** Opening Dataset records block **
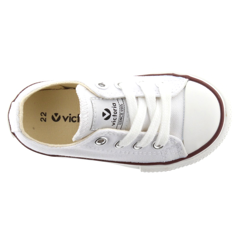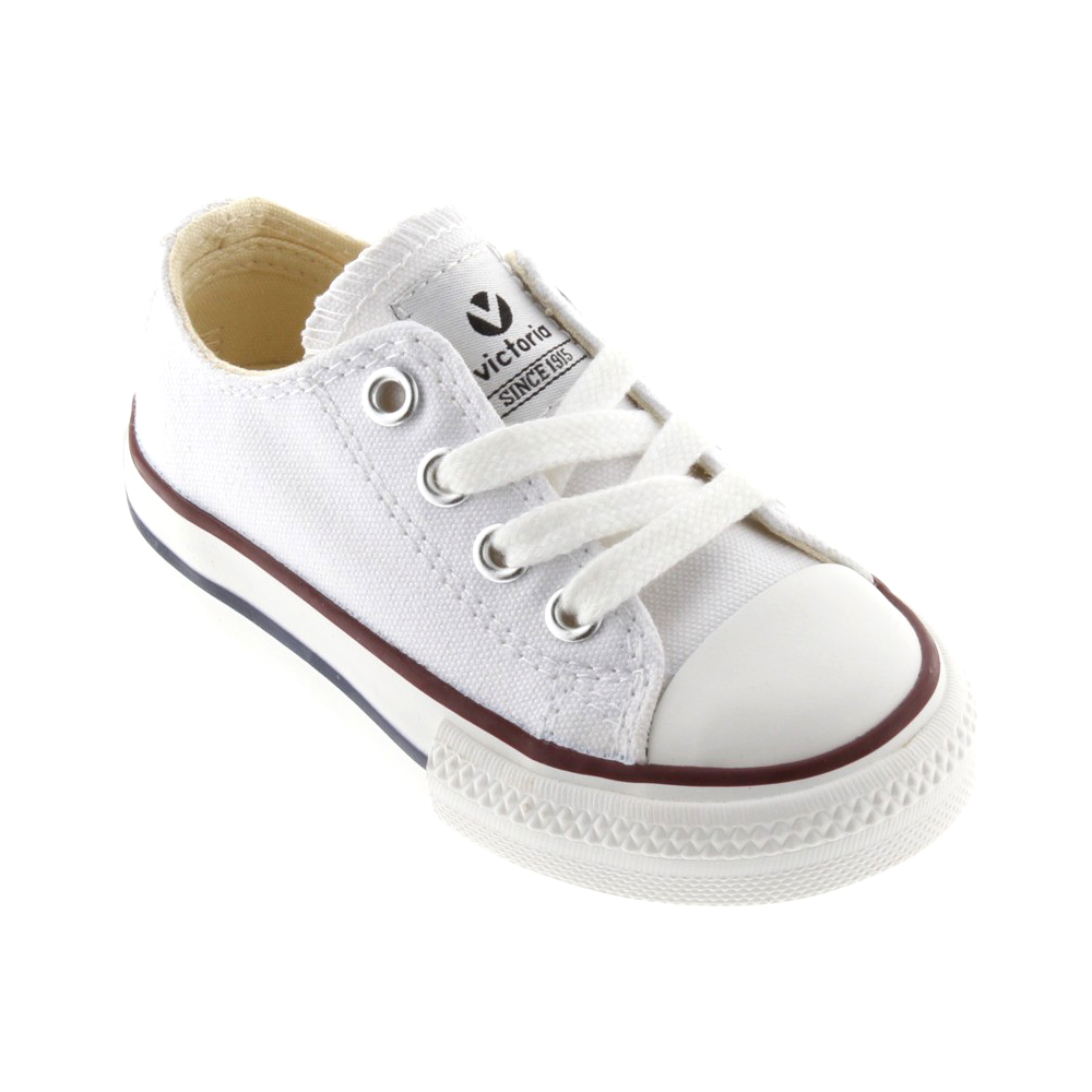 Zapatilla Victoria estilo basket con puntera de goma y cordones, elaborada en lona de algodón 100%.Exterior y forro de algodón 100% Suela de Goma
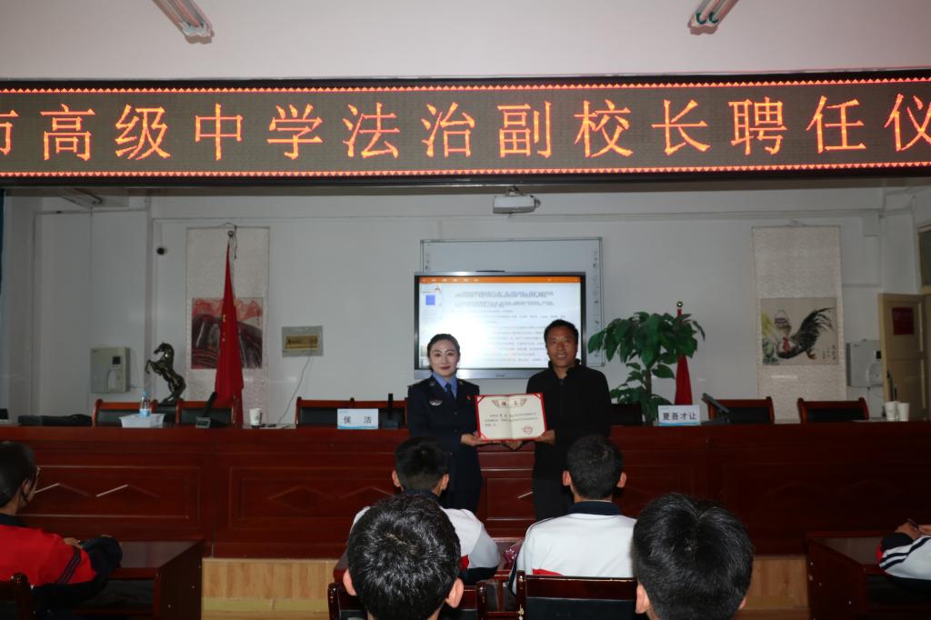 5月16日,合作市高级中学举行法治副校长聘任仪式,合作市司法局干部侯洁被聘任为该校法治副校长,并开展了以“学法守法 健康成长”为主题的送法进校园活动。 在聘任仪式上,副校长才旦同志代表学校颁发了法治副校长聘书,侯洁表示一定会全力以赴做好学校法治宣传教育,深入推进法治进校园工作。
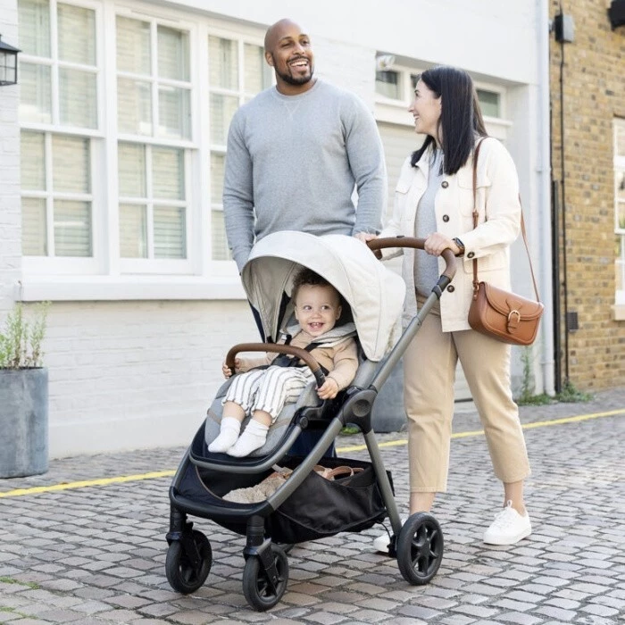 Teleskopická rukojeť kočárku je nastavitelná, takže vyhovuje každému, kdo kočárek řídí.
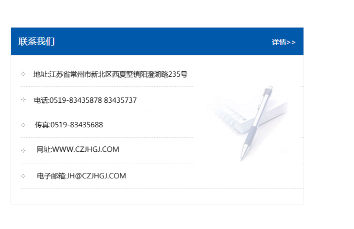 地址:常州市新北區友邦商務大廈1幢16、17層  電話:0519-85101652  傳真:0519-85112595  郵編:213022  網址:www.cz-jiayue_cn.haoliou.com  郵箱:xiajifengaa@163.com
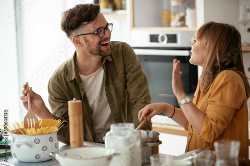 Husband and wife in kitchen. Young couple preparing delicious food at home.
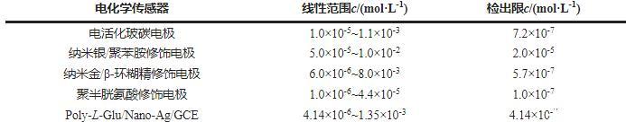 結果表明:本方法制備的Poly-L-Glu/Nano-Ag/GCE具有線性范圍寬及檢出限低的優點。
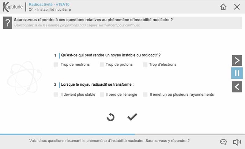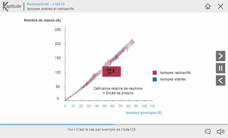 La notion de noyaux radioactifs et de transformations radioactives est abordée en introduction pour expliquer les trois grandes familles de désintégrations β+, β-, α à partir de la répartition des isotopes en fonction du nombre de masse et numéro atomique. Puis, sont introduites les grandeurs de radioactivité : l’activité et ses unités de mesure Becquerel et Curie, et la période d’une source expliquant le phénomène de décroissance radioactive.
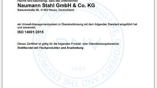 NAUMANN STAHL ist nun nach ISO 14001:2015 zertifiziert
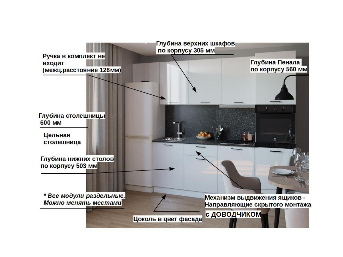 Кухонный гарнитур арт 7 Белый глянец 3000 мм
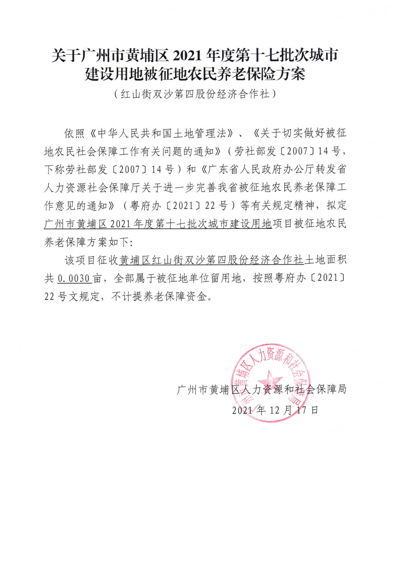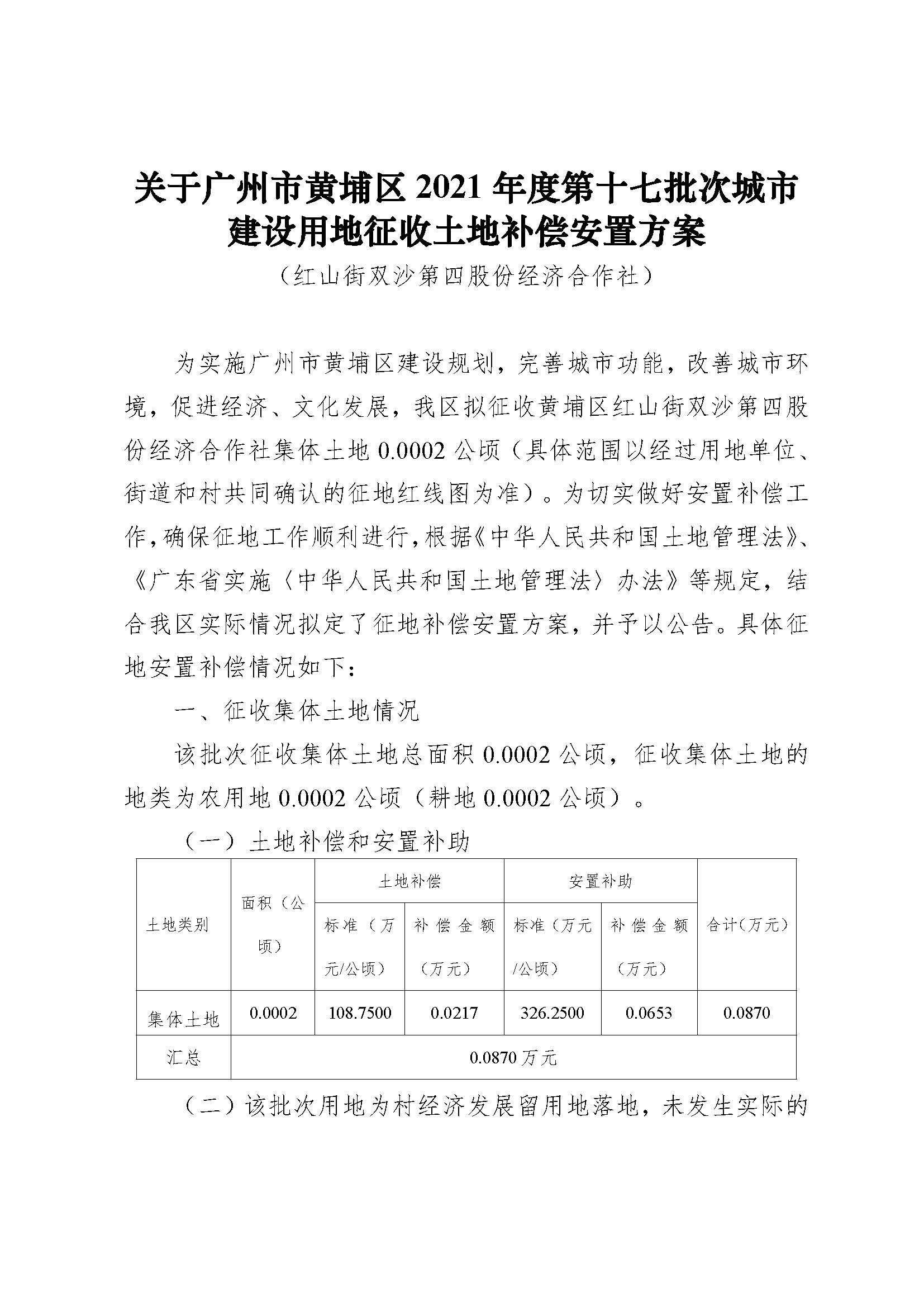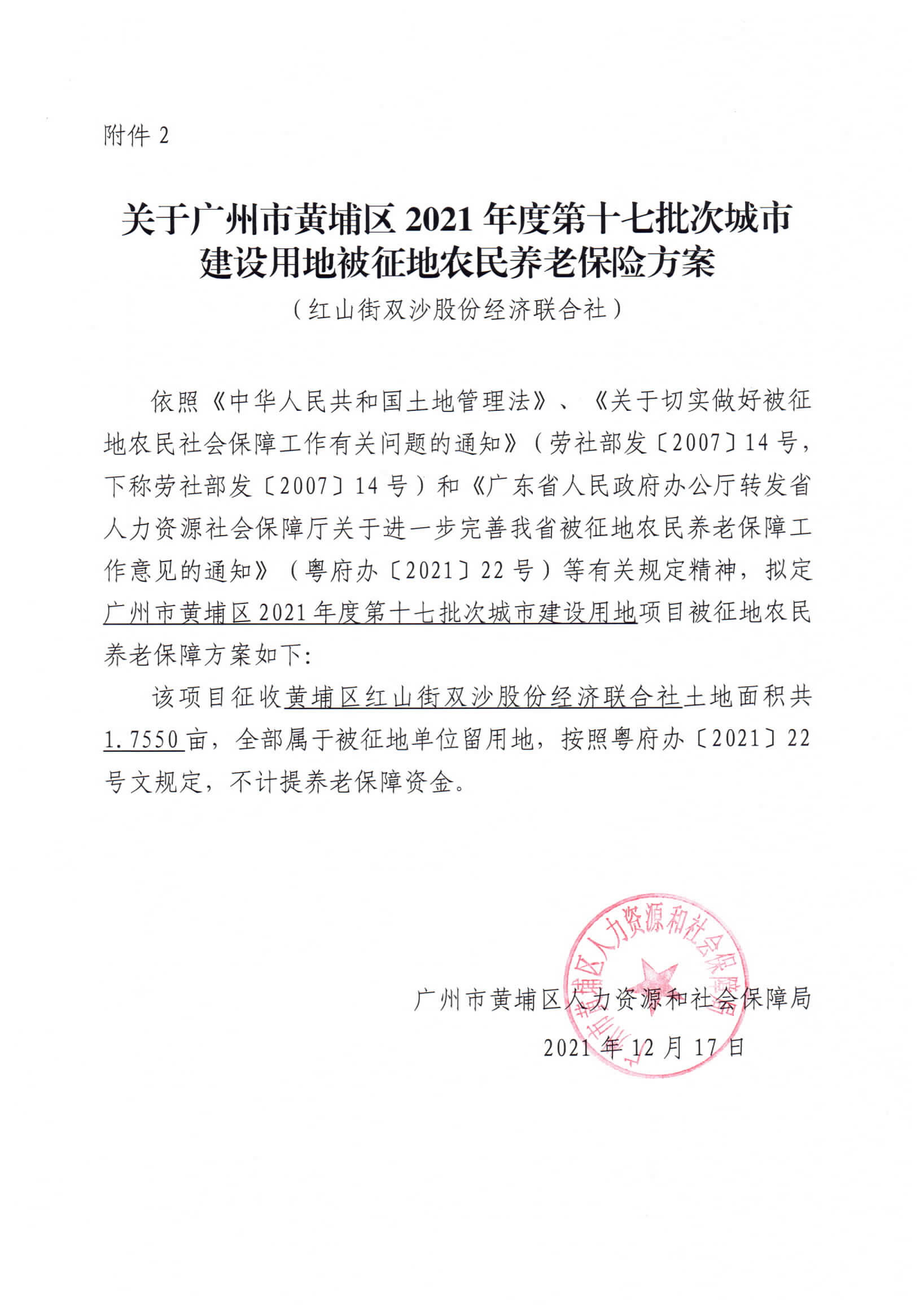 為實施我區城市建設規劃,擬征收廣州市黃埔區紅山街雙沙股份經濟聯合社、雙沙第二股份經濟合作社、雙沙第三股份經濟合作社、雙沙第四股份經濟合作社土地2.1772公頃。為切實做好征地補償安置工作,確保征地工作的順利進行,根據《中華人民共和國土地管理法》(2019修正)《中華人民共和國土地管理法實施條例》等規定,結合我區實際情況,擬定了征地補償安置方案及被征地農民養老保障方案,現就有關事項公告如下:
** Closing Dataset records block **
Aim of the exercise: The answer must consist solely of the lines from the line containing "地址:常州市新北區友邦商務大廈1幢16、17層  電話:0519-85101652  傳真:0519-85112595" to the end of the data, reproduced exactly, with every picture left out.

Exercise output:
 地址:常州市新北區友邦商務大廈1幢16、17層  電話:0519-85101652  傳真:0519-85112595  郵編:213022  網址:www.cz-jiayue_cn.haoliou.com  郵箱:xiajifengaa@163.com
 Husband and wife in kitchen. Young couple preparing delicious food at home.
 結果表明:本方法制備的Poly-L-Glu/Nano-Ag/GCE具有線性范圍寬及檢出限低的優點。
 La notion de noyaux radioactifs et de transformations radioactives est abordée en introduction pour expliquer les trois grandes familles de désintégrations β+, β-, α à partir de la répartition des isotopes en fonction du nombre de masse et numéro atomique. Puis, sont introduites les grandeurs de radioactivité : l’activité et ses unités de mesure Becquerel et Curie, et la période d’une source expliquant le phénomène de décroissance radioactive.
 NAUMANN STAHL ist nun nach ISO 14001:2015 zertifiziert
 Кухонный гарнитур арт 7 Белый глянец 3000 мм
 為實施我區城市建設規劃,擬征收廣州市黃埔區紅山街雙沙股份經濟聯合社、雙沙第二股份經濟合作社、雙沙第三股份經濟合作社、雙沙第四股份經濟合作社土地2.1772公頃。為切實做好征地補償安置工作,確保征地工作的順利進行,根據《中華人民共和國土地管理法》(2019修正)《中華人民共和國土地管理法實施條例》等規定,結合我區實際情況,擬定了征地補償安置方案及被征地農民養老保障方案,現就有關事項公告如下:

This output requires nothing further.